Trained animals performed treadmill running 5 days/week for 6 weeks (60 min/session), at 50–70% of individual maximal speed. An interim test in week 3 adjusted exercise intensity [19].

2.4. Echocardiographic Evaluation

Cardiac function was evaluated under light anesthesia (0.5–2% isoflurane in 98% O₂, 1.5 L/min) using a Vevo 2100 ultrasound system (FujiFilm VisualSonics, Toronto, ON, Canada) and a 13 MHz transducer, following standard guidelines [20].

2.5. Hemodynamic and Autonomic Recordings

After anesthesia and catheterization (carotid artery and jugular vein, using Tygon P50), animals recovered for 24 h before data collection. Arterial pressure (AP) and heart rate (HR) were recorded in conscious rats for 30 min via a pressure transducer (Kent Scientific, Torrington, CT, USA) and data acquisition system (WinDaq, 2 kHz) [19].

Throughout the experiment, animals were monitored daily for signs of stress or illness. Isoflurane anesthesia was used to minimize discomfort during surgical procedures. No unexpected adverse events were observed. Humane endpoints were established but not required during the study.

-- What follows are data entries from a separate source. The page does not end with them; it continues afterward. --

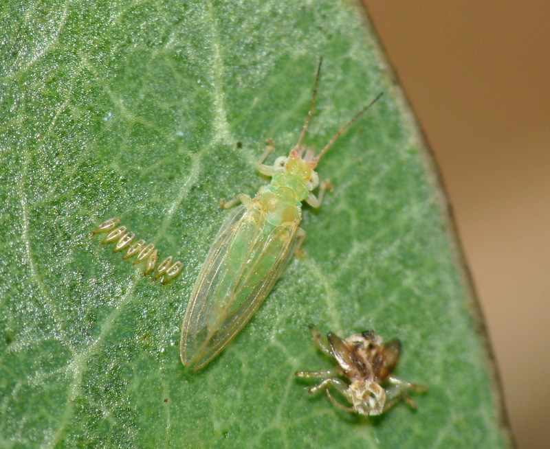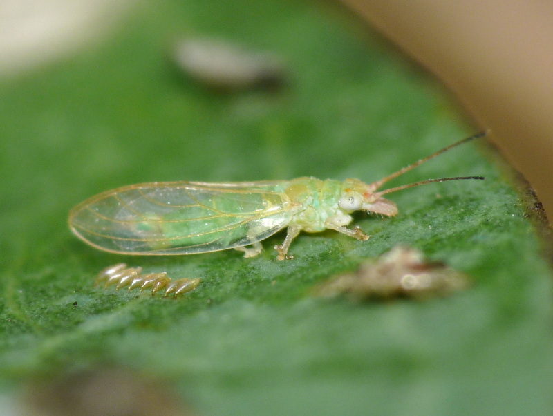 La seconda decade di agosto, durante la vacanza subacquea del sottoscritto, nel campeggio dell'isola sembrava di partecipare a una scena biblica con la manna che cadeva dal cielo (lerps) e lasciava un tappeto bianco sul terreno....................... ma guarda la Glycaspis brimblecombei (identificata grazie al al computer che avevo nella canadese). Forse la prima generazione?
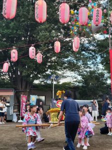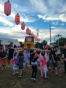 夕涼み会にて、神輿とともに無事「ねぶた」の巡行。
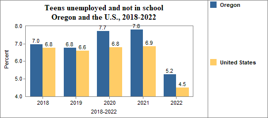 - Teens who were not working, looking for work, or in school made up 5.2 percent of all youth age 16-19 in 2018-2022, compared to 4.5 percent in the U.S..
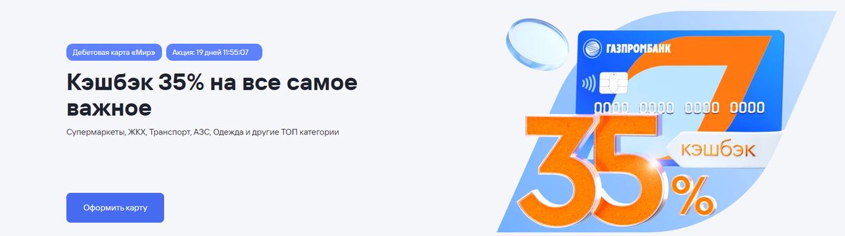 Скидка 35% на оплату ЖКХ, АЗС, Супермаркетов от Газпромбанка
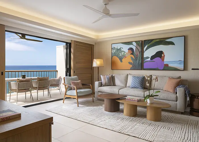 The redesign spans both the Main Tower and Beachfront Wing, honoring the resort’s iconic midcentury modern roots while introducing a renewed sense of warmth and understated luxury. Original terrazzo flooring in the Beachfront Wing, the signature blue tile floors of the Main Lobby, and the Main Tower’s expansive lanais have been carefully preserved. New design elements—including rich wood finishes, handcrafted textiles inspired by Hawaiian weaving and quilting, plantation shutters, ceiling fans, expansive glass lanai doors, intuitive bedside lighting controls, and spa-like bathrooms with deep soaking tubs—create a refined yet relaxed atmosphere. Works by local artists and layered textures throughout the resort deepen the connection to place.
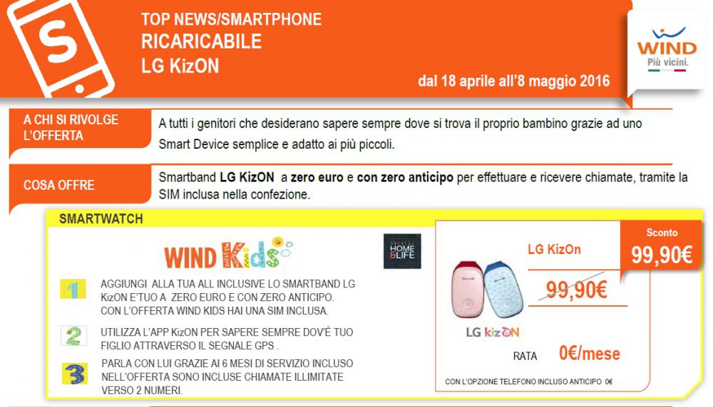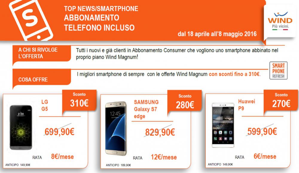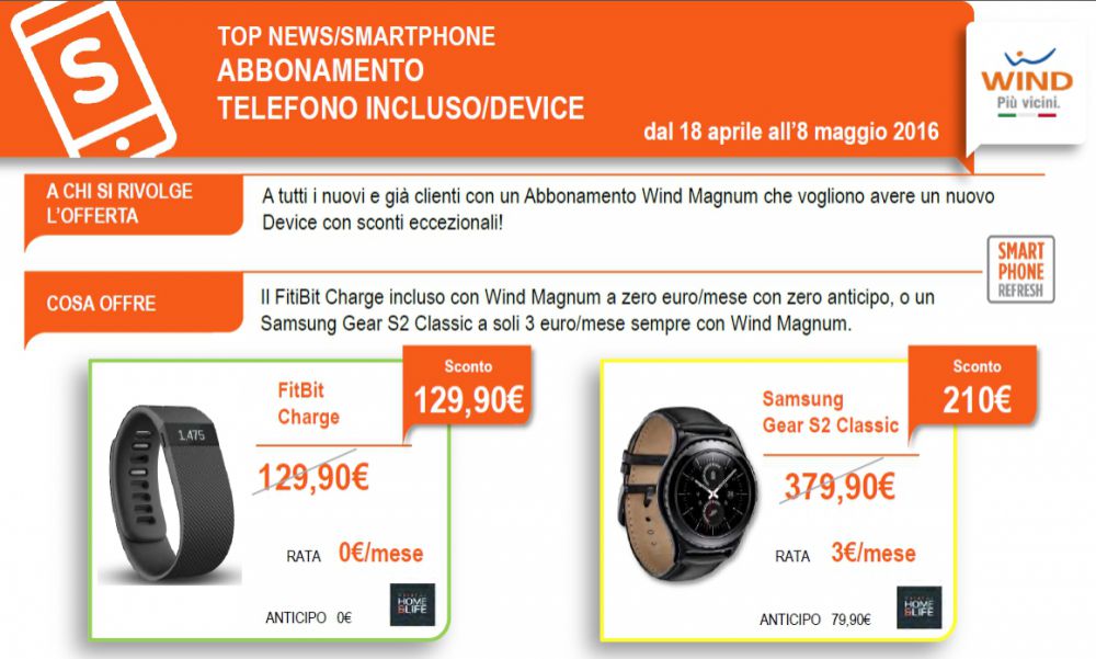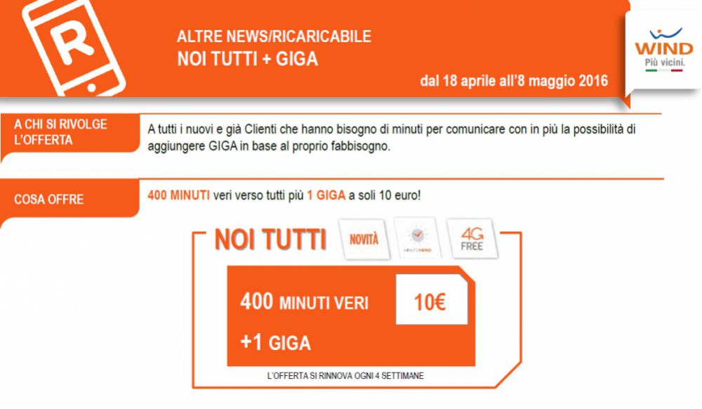 Tra le nuove offerte Wind trovano posto infine anche Noi Tutti + Giga (400 minuti verso tutti in aggiunta ad un gigabyte di Internet) ad un costo di 10 euro per quattro settimane e pacchetti indirizzati a tutti coloro i quali hanno un abbonamento Wind Magnum con smartphone (Samsung Galaxy S7, LG G5, Huawei P9) o indossabili (FitBit Charge e Samsung Gear S2 Classic) inclusi. Di seguito tutte le immagini riepilogative delle nuove offerte Wind attivabili a partire da lunedì 18 aprile.
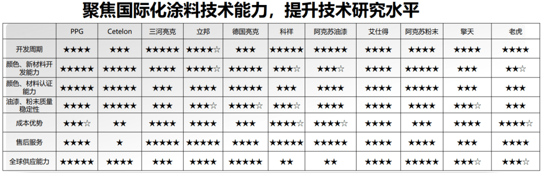 中信戴卡從涂料技術能力和研究水平方面,對中外多家涂料企業進行了對比,其中PPG、三河亮克、立邦、德國亮克、科祥、阿克蘇、擎天、Cetelon等涂料企業在部分領域獲得五星評價,得到了中信戴卡的認可。
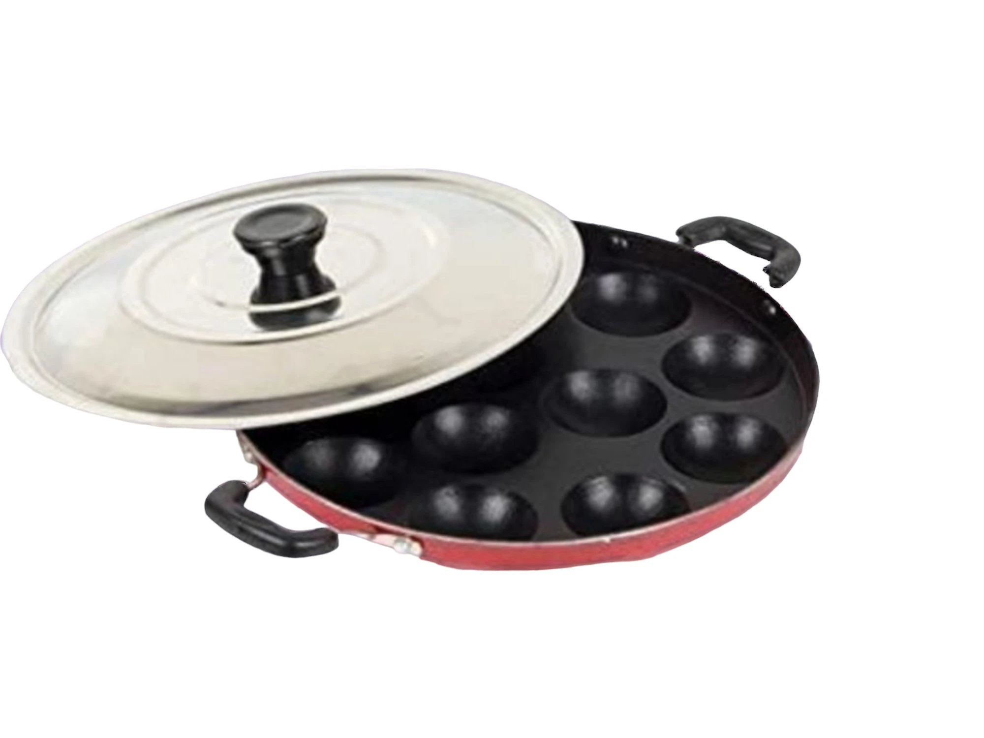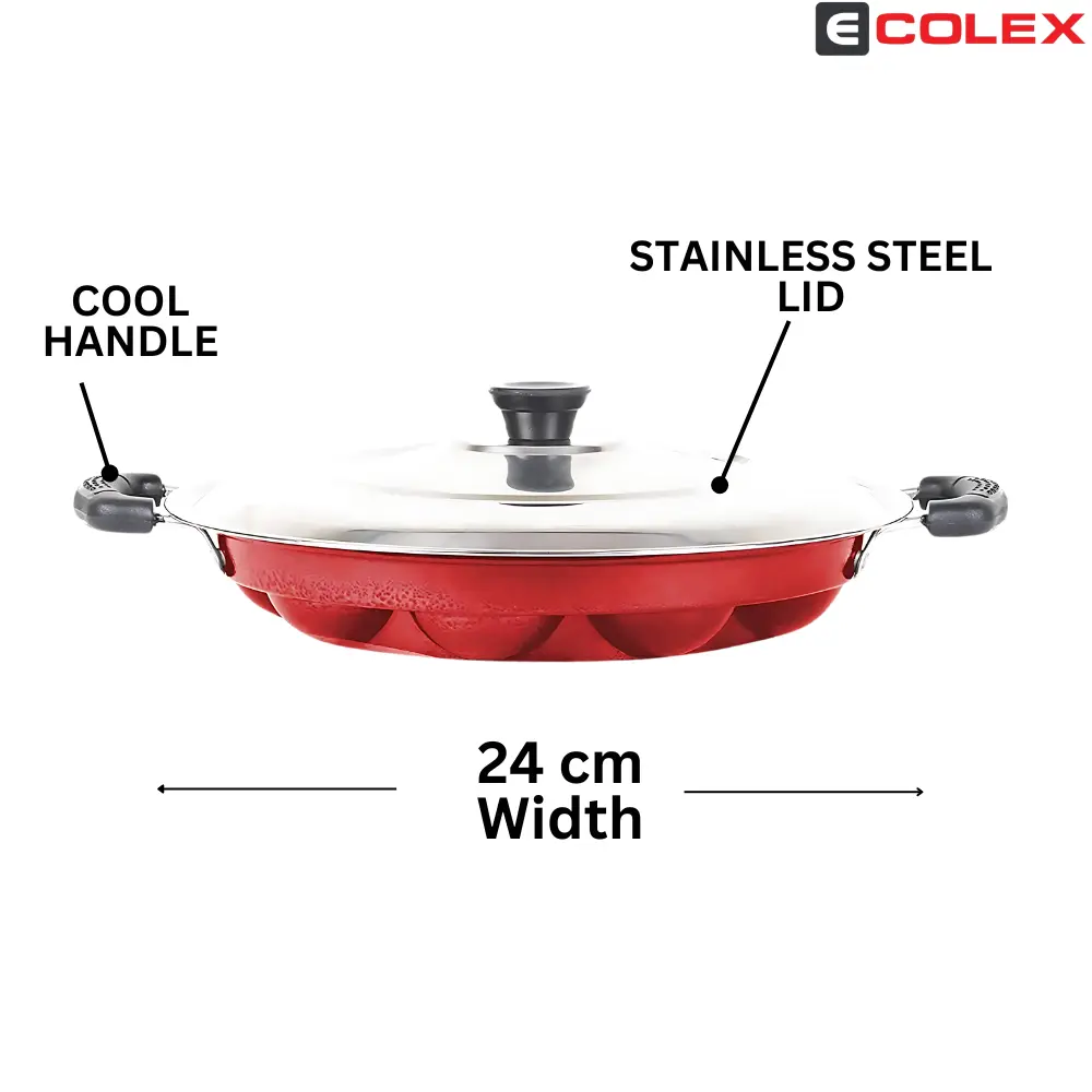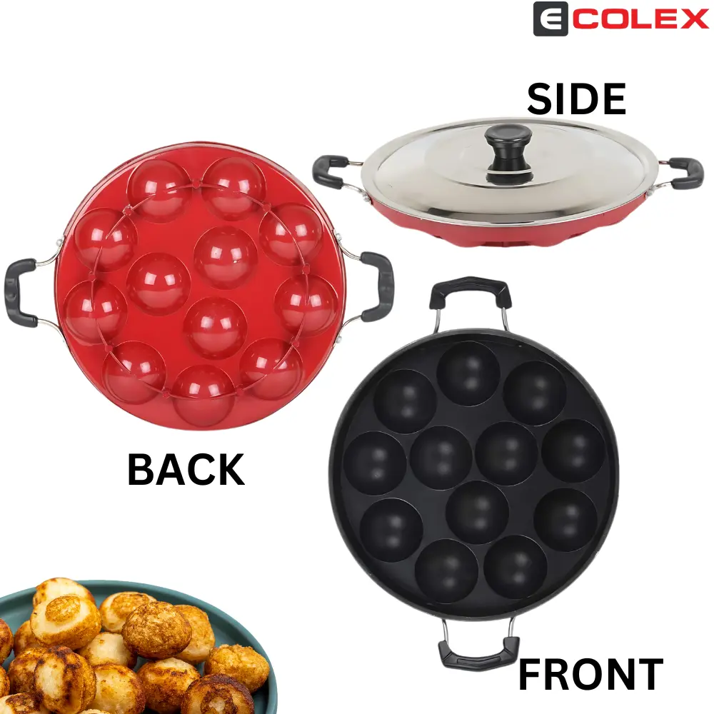 ECOLEX 12 Cavities Non Stick Appam Patra with Lid and Side Handle/ kulipaniyaram pan nonstick/ appe/panniyaram kadai/Paniyaram/Appam Pan/Appam Maker/appam kadai/idali Maker/idli Pan kadai/litti maker Paniarakkal with Lid Paniarakkal with Lid 0.5 L capacity 23 cm diameter (Aluminium, Non-stick)
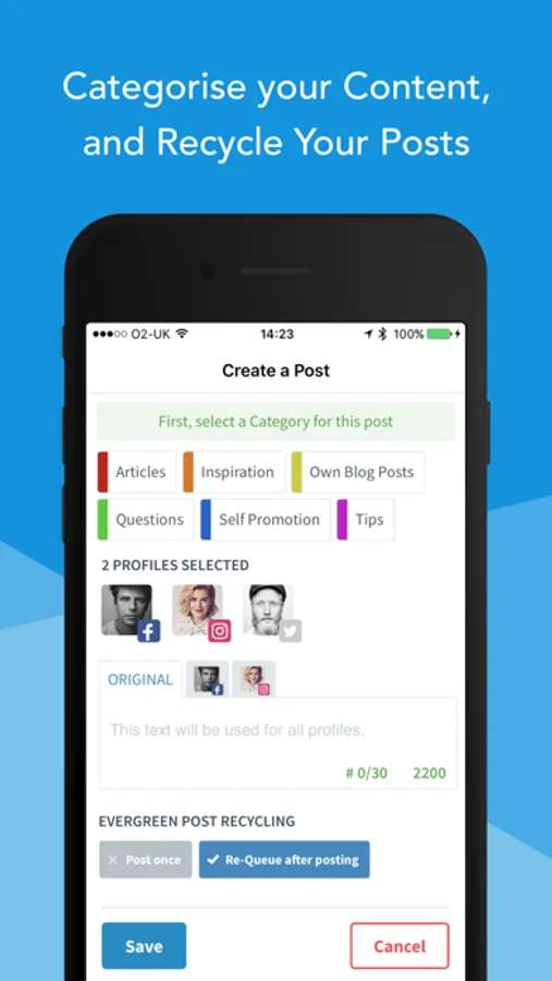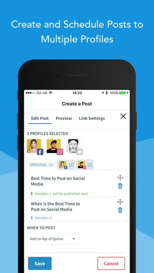 • Schedule posts to Facebook, Instagram, Pinterest, Twitter, and LinkedIn from your iPhone

2.6. Baroreflex Sensitivity Assessment

Baroreflex sensitivity was evaluated in conscious, freely moving animals 24 h after catheter implantation. Increasing doses of phenylephrine (PE, 2.5–10 µg/kg) and sodium nitroprusside (SNP, 2.5–15 µg/kg) were administered intravenously via the jugular catheter to induce transient pressor and depressor responses, respectively. For each response, the corresponding change in heart rate (HR) was plotted against the change in mean arterial pressure (MAP), and the linear regression slope (ΔHR/ΔMAP, bpm/mmHg) was calculated as the BRS index. At least three responses per agent with linearity >0.9 were considered per animal [19]. All animals were handled prior to testing to reduce stress and were recorded in the morning to minimize circadian variability.

2.7. Heart Rate and Blood Pressure Variability

Selected 5 min stable segments were analyzed for pulse interval (PI) and systolic arterial pressure (SAP) variability. Time-domain parameters (SD-PI, rMSSD) and frequency–domain components (VLF-PI, LF-PI, HF-PI) were assessed via Fast Fourier Transform using CardioSeries v2.4 software [19]. For spectral analysis, the following frequency bands were used: very low frequency (VLF-PI: 0.00–0.20 Hz), low frequency (LF-PI: 0.20–0.75 Hz), and high frequency (HF-PI: 0.75–3.00 Hz). These bands were defined according to standard guidelines for spectral analysis in rodents [21].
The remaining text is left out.